1. Cloned the Million repo locally, and
2. Opened it in VS Code, Cursor, or something similar, or
3. Ran Claude Code or other local dev tooling inside the clone

As far as we can tell right now, no users were affected. We haven't seen any evidence that this payload hit published Million packages, downstream apps, or anyone who just installed Million from npm

What happened

A malicious payload was found in the Million repo in this commit:

37333a956a6d39959c4ad25fe572b9450d064ba8

The payload was built to target local dev environments, not normal package consumers.
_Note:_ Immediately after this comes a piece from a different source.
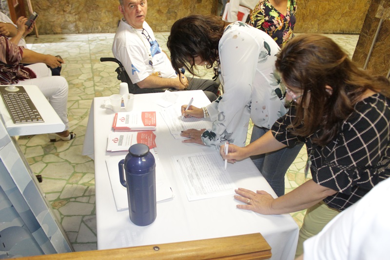 A percepção da leitura braile também foi apresentada. Também foi explicado que para cada folha escrita são necessárias quatro folhas para impressão em braile. Ao final, os participantes foram convidados a deixar suas impressões no mural das sensações.
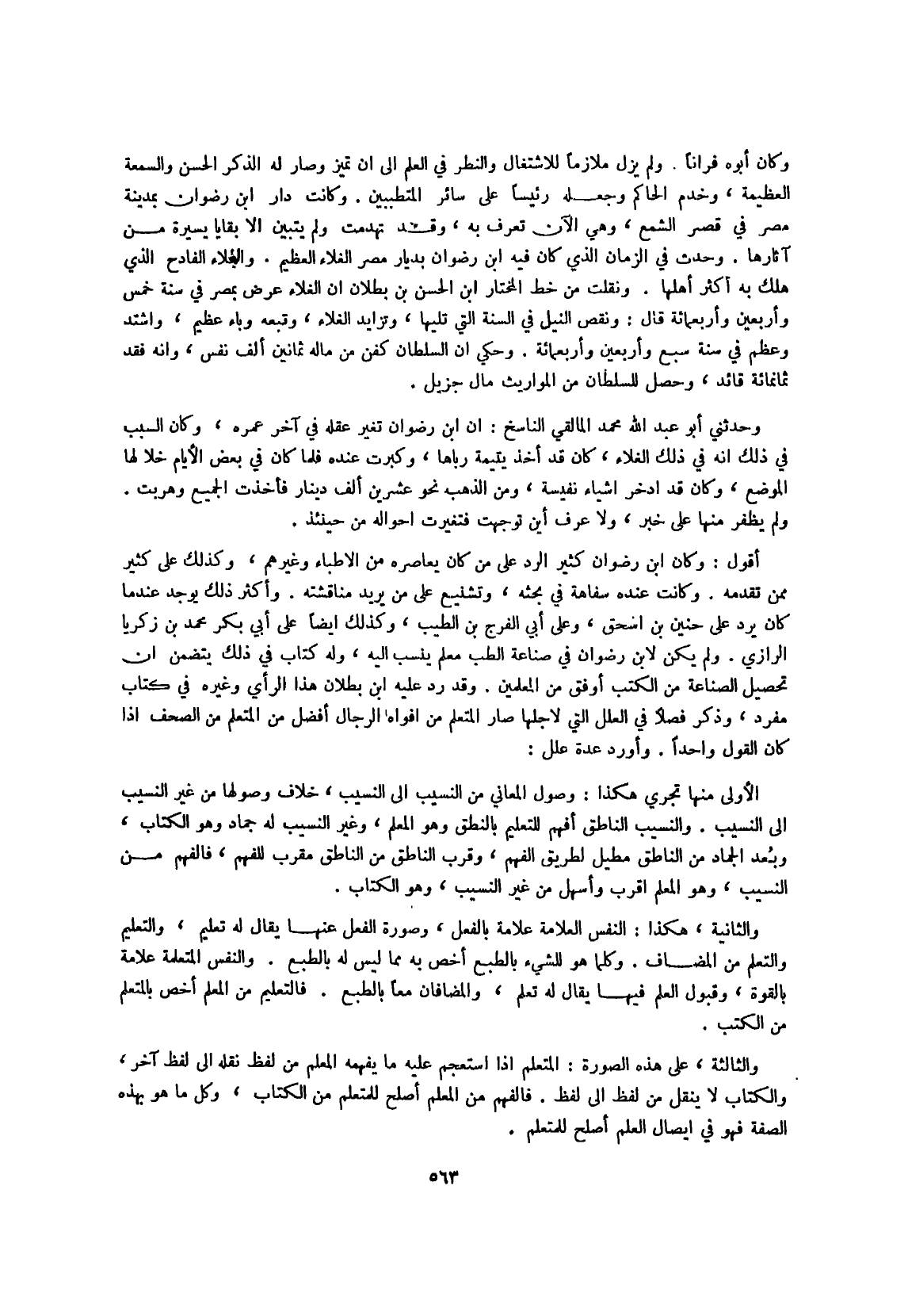وَلم يكن لِابْنِ رضوَان فِي صناعَة الطِّبّ معلم ينْسب إِلَيْهِ وَله كتاب فِي ذَلِك يتَضَمَّن أَن تَحْصِيل الصِّنَاعَة من الْكتب أوفق من المعلمين

The risk was limited to devs who cloned the repo and then opened or ran local tooling that could trigger files inside it

So the affected path was local repo execution, not npm installs.

Link:

https://www.stepsecurity.io/blog/actions-cool-issues-helper-github-action-compromised-all-tags-point-to-imposter-commit-that-exfiltrates-ci-cd-credentials

Who might be affected

You might have been exposed only if you cloned the Million repo locally at the affected commit or during the affected window, and then opened or ran the project with tools like:

• VS Code or VS Code fork (Cursor)
• Claude Code

What we've done

We pulled the malicious payload from the repo and reviewed the affected commit history.

Right now we have no evidence that published Million npm packages were compromised, no evidence downstream users were hit, and no evidence of anything broader.

What you should do

If you only installed Million as a package, you don't need to do anything right now.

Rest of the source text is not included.